#### [Assigned task]
Could you return every record below exactly as it stands, leaving out the pictures?

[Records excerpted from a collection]
---

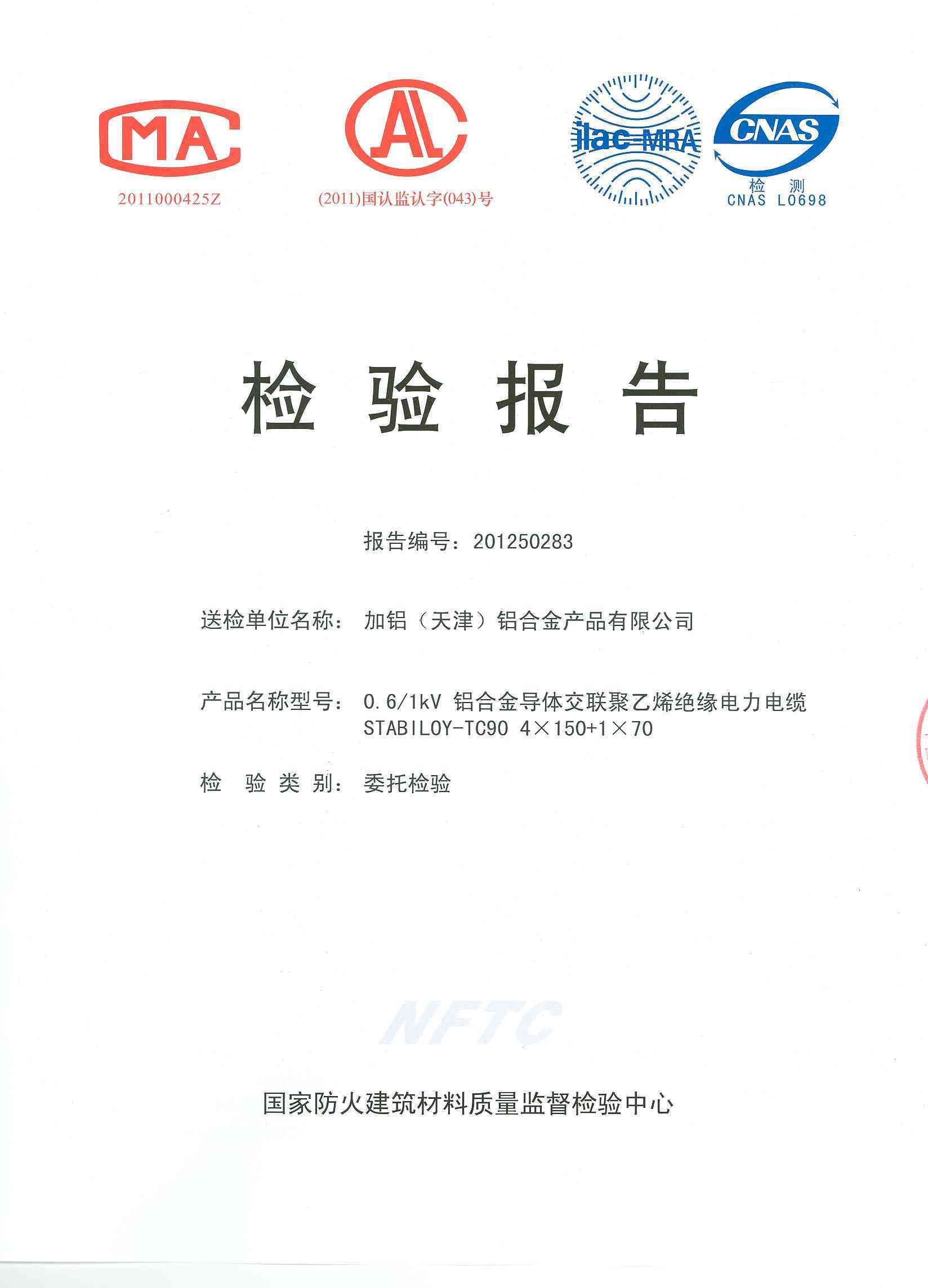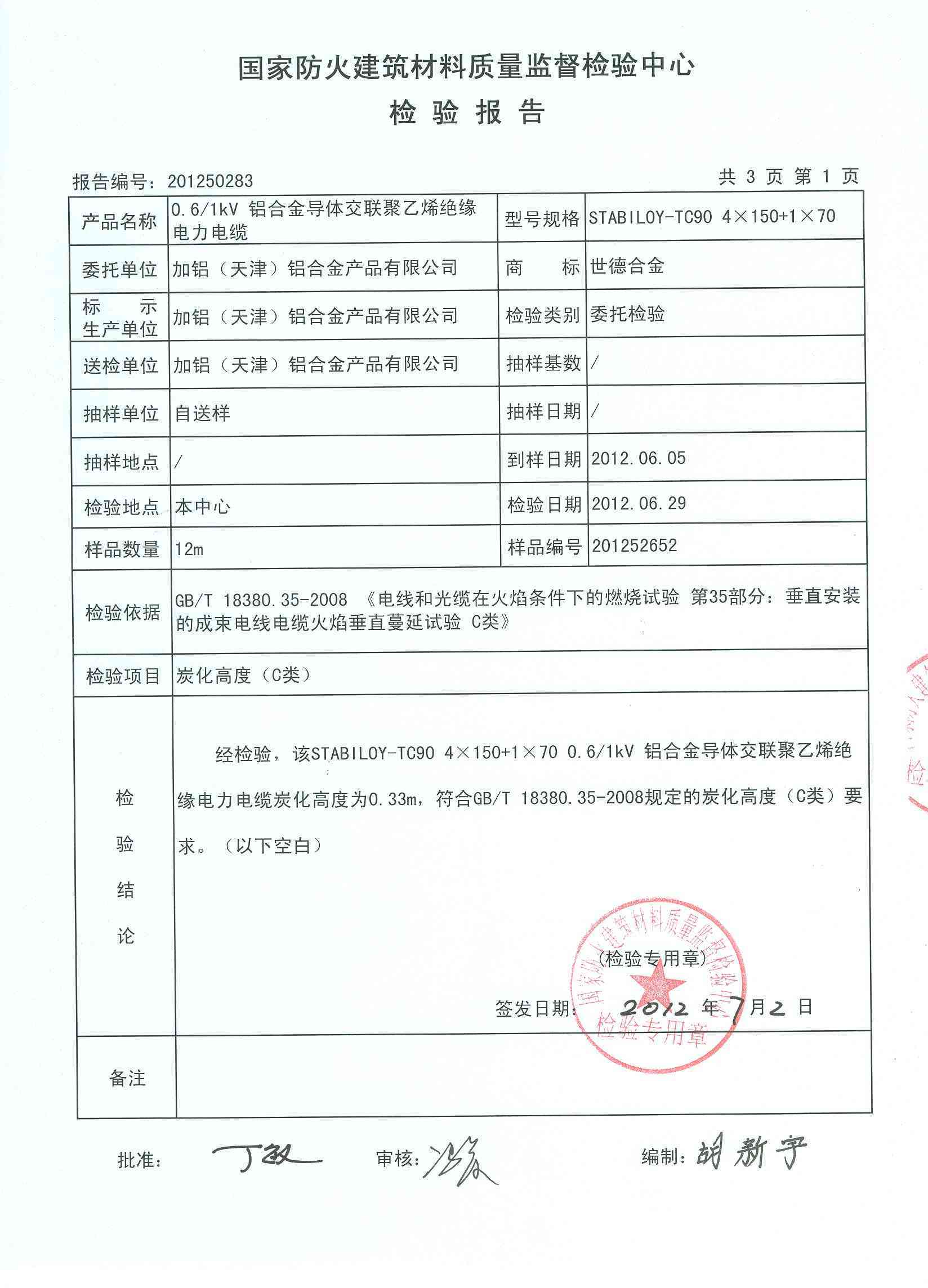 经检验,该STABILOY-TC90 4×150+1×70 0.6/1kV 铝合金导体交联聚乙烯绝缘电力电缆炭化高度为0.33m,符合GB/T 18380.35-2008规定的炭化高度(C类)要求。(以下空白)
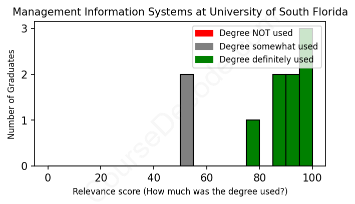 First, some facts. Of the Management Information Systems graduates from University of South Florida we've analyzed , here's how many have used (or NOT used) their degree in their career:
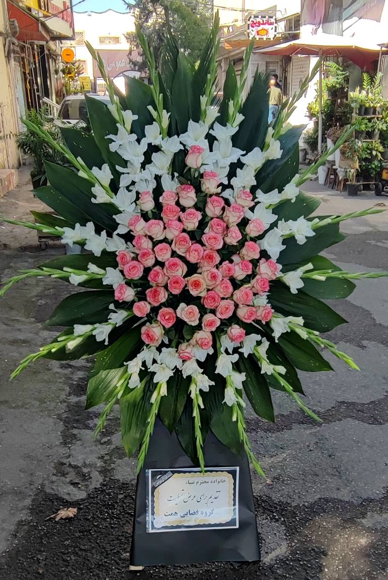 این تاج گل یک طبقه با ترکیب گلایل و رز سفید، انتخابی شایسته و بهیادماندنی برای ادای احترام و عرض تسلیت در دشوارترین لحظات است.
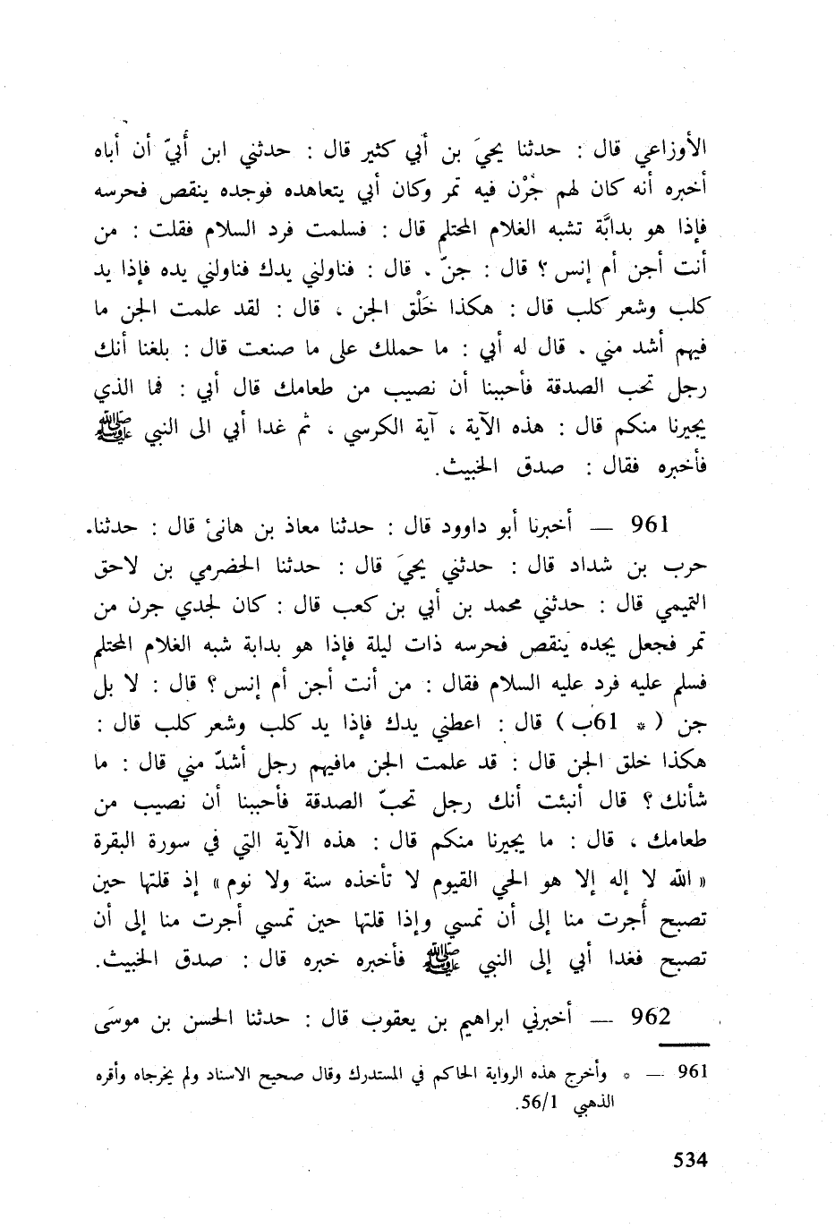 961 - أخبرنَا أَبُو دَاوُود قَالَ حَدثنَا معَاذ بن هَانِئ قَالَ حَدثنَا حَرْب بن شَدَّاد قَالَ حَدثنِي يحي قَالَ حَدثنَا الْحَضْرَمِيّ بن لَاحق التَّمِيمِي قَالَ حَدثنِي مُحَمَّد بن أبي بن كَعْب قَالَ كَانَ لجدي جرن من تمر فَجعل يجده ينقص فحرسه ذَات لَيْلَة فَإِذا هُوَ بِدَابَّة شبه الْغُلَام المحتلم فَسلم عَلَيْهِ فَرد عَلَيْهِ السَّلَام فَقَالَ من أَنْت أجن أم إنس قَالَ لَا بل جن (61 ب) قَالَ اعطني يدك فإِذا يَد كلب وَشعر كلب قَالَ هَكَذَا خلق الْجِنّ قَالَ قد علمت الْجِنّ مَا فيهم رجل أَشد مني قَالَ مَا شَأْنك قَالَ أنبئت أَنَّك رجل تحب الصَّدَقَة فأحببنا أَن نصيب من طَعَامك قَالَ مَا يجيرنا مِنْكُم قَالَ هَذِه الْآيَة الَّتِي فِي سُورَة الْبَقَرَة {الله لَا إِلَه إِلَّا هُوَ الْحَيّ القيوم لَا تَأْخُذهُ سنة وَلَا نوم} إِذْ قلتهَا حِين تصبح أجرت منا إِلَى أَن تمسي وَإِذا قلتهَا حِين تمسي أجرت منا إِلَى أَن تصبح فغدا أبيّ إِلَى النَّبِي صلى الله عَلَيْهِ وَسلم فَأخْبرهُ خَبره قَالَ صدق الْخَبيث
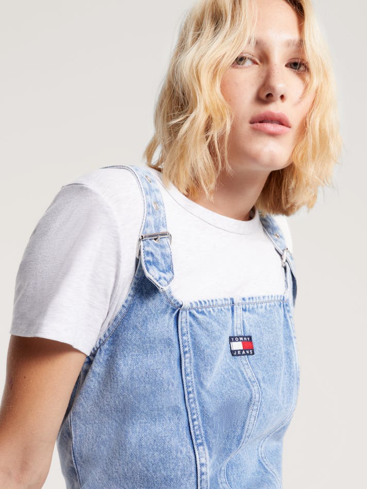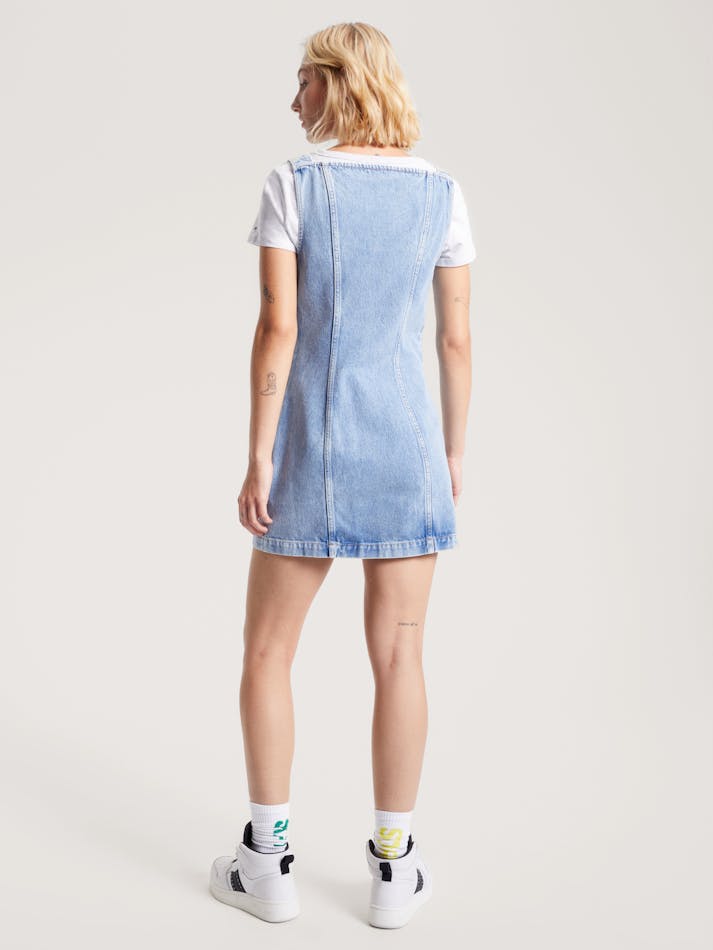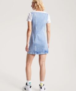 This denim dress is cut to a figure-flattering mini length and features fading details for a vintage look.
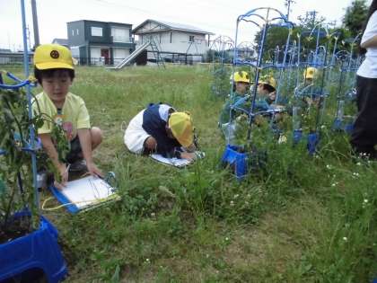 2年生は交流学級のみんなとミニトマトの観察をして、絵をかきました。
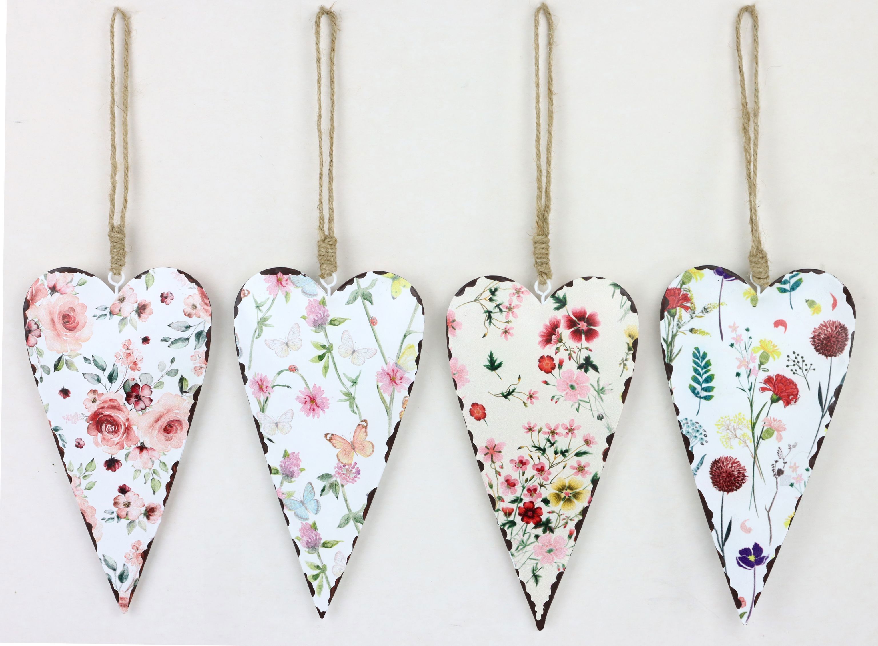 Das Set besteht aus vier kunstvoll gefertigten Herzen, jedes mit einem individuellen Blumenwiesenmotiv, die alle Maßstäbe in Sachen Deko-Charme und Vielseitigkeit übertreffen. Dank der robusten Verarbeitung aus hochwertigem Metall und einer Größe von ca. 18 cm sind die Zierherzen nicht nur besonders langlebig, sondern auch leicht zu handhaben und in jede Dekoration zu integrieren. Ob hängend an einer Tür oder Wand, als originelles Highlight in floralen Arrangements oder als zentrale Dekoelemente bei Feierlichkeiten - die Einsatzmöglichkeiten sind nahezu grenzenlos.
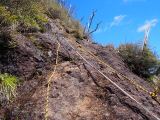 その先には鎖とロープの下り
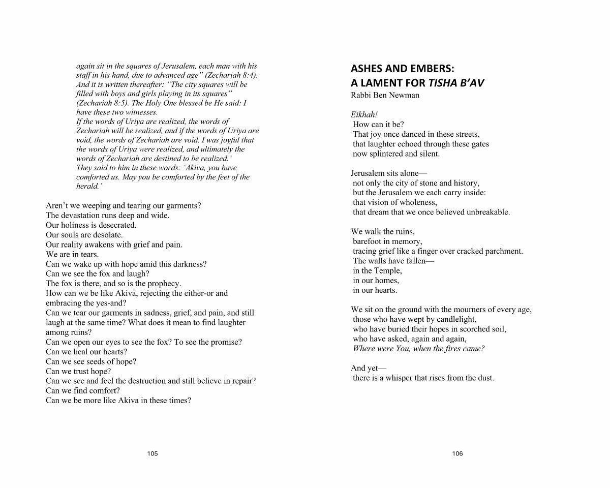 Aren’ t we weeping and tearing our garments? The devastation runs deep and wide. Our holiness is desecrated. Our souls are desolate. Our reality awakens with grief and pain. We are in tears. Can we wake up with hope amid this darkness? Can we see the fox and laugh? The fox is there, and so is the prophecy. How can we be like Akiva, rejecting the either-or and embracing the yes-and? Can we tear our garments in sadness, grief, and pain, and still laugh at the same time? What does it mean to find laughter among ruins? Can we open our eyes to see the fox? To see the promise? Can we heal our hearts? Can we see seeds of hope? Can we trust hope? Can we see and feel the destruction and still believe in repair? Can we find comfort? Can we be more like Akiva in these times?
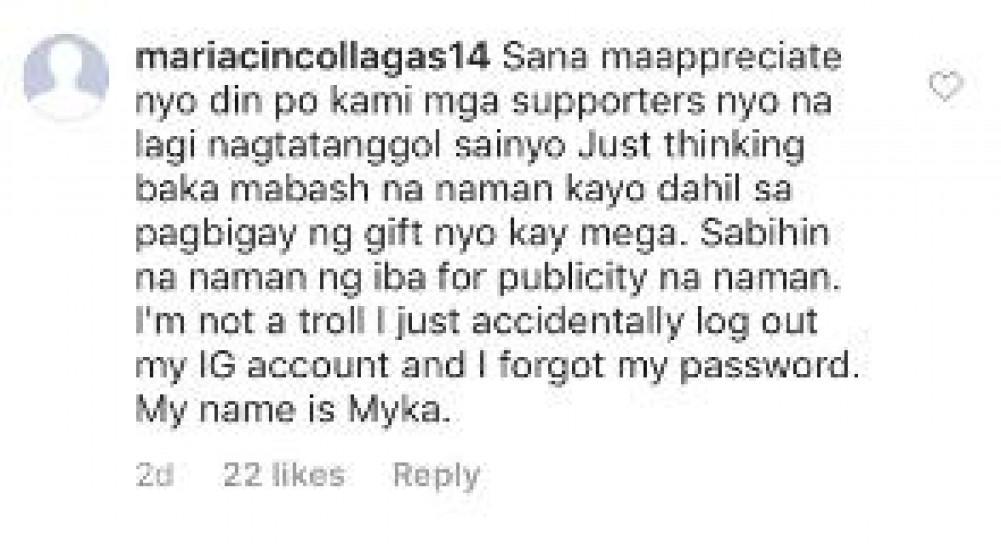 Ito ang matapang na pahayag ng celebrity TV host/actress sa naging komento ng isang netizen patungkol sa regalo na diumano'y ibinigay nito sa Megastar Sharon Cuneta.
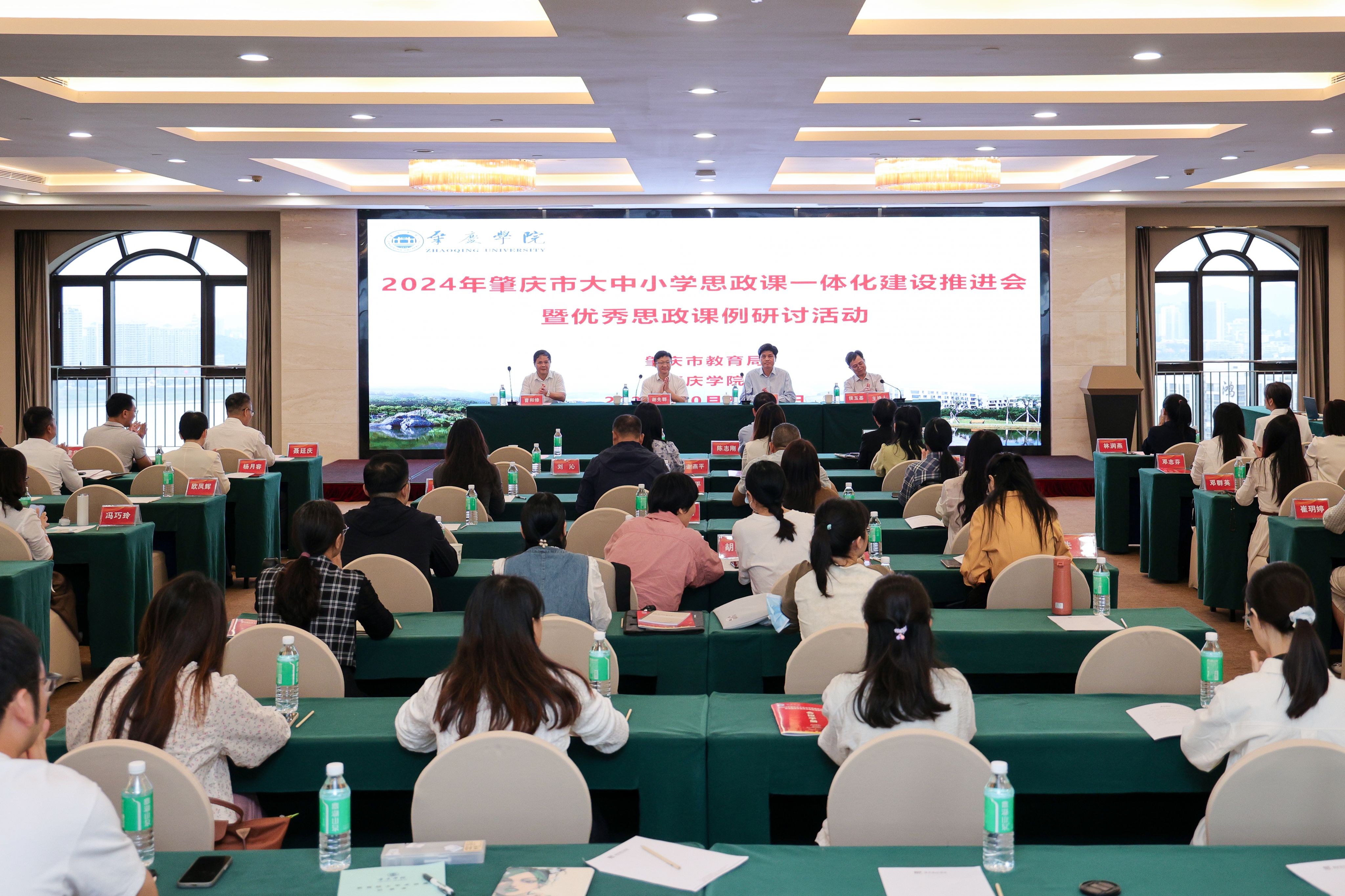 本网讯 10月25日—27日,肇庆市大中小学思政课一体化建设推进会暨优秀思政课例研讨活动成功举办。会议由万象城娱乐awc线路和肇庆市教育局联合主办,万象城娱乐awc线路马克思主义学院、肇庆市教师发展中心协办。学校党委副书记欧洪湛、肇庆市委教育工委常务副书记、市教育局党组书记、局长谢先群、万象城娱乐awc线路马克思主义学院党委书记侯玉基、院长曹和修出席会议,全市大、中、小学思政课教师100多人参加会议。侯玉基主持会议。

---

#### [Solution below]
 经检验,该STABILOY-TC90 4×150+1×70 0.6/1kV 铝合金导体交联聚乙烯绝缘电力电缆炭化高度为0.33m,符合GB/T 18380.35-2008规定的炭化高度(C类)要求。(以下空白)
 First, some facts. Of the Management Information Systems graduates from University of South Florida we've analyzed , here's how many have used (or NOT used) their degree in their career:
 این تاج گل یک طبقه با ترکیب گلایل و رز سفید، انتخابی شایسته و بهیادماندنی برای ادای احترام و عرض تسلیت در دشوارترین لحظات است.
 961 - أخبرنَا أَبُو دَاوُود قَالَ حَدثنَا معَاذ بن هَانِئ قَالَ حَدثنَا حَرْب بن شَدَّاد قَالَ حَدثنِي يحي قَالَ حَدثنَا الْحَضْرَمِيّ بن لَاحق التَّمِيمِي قَالَ حَدثنِي مُحَمَّد بن أبي بن كَعْب قَالَ كَانَ لجدي جرن من تمر فَجعل يجده ينقص فحرسه ذَات لَيْلَة فَإِذا هُوَ بِدَابَّة شبه الْغُلَام المحتلم فَسلم عَلَيْهِ فَرد عَلَيْهِ السَّلَام فَقَالَ من أَنْت أجن أم إنس قَالَ لَا بل جن (61 ب) قَالَ اعطني يدك فإِذا يَد كلب وَشعر كلب قَالَ هَكَذَا خلق الْجِنّ قَالَ قد علمت الْجِنّ مَا فيهم رجل أَشد مني قَالَ مَا شَأْنك قَالَ أنبئت أَنَّك رجل تحب الصَّدَقَة فأحببنا أَن نصيب من طَعَامك قَالَ مَا يجيرنا مِنْكُم قَالَ هَذِه الْآيَة الَّتِي فِي سُورَة الْبَقَرَة {الله لَا إِلَه إِلَّا هُوَ الْحَيّ القيوم لَا تَأْخُذهُ سنة وَلَا نوم} إِذْ قلتهَا حِين تصبح أجرت منا إِلَى أَن تمسي وَإِذا قلتهَا حِين تمسي أجرت منا إِلَى أَن تصبح فغدا أبيّ إِلَى النَّبِي صلى الله عَلَيْهِ وَسلم فَأخْبرهُ خَبره قَالَ صدق الْخَبيث
 This denim dress is cut to a figure-flattering mini length and features fading details for a vintage look.
 2年生は交流学級のみんなとミニトマトの観察をして、絵をかきました。
 Das Set besteht aus vier kunstvoll gefertigten Herzen, jedes mit einem individuellen Blumenwiesenmotiv, die alle Maßstäbe in Sachen Deko-Charme und Vielseitigkeit übertreffen. Dank der robusten Verarbeitung aus hochwertigem Metall und einer Größe von ca. 18 cm sind die Zierherzen nicht nur besonders langlebig, sondern auch leicht zu handhaben und in jede Dekoration zu integrieren. Ob hängend an einer Tür oder Wand, als originelles Highlight in floralen Arrangements oder als zentrale Dekoelemente bei Feierlichkeiten - die Einsatzmöglichkeiten sind nahezu grenzenlos.
 その先には鎖とロープの下り
 Aren’ t we weeping and tearing our garments? The devastation runs deep and wide. Our holiness is desecrated. Our souls are desolate. Our reality awakens with grief and pain. We are in tears. Can we wake up with hope amid this darkness? Can we see the fox and laugh? The fox is there, and so is the prophecy. How can we be like Akiva, rejecting the either-or and embracing the yes-and? Can we tear our garments in sadness, grief, and pain, and still laugh at the same time? What does it mean to find laughter among ruins? Can we open our eyes to see the fox? To see the promise? Can we heal our hearts? Can we see seeds of hope? Can we trust hope? Can we see and feel the destruction and still believe in repair? Can we find comfort? Can we be more like Akiva in these times?
 Ito ang matapang na pahayag ng celebrity TV host/actress sa naging komento ng isang netizen patungkol sa regalo na diumano'y ibinigay nito sa Megastar Sharon Cuneta.
 本网讯 10月25日—27日,肇庆市大中小学思政课一体化建设推进会暨优秀思政课例研讨活动成功举办。会议由万象城娱乐awc线路和肇庆市教育局联合主办,万象城娱乐awc线路马克思主义学院、肇庆市教师发展中心协办。学校党委副书记欧洪湛、肇庆市委教育工委常务副书记、市教育局党组书记、局长谢先群、万象城娱乐awc线路马克思主义学院党委书记侯玉基、院长曹和修出席会议,全市大、中、小学思政课教师100多人参加会议。侯玉基主持会议。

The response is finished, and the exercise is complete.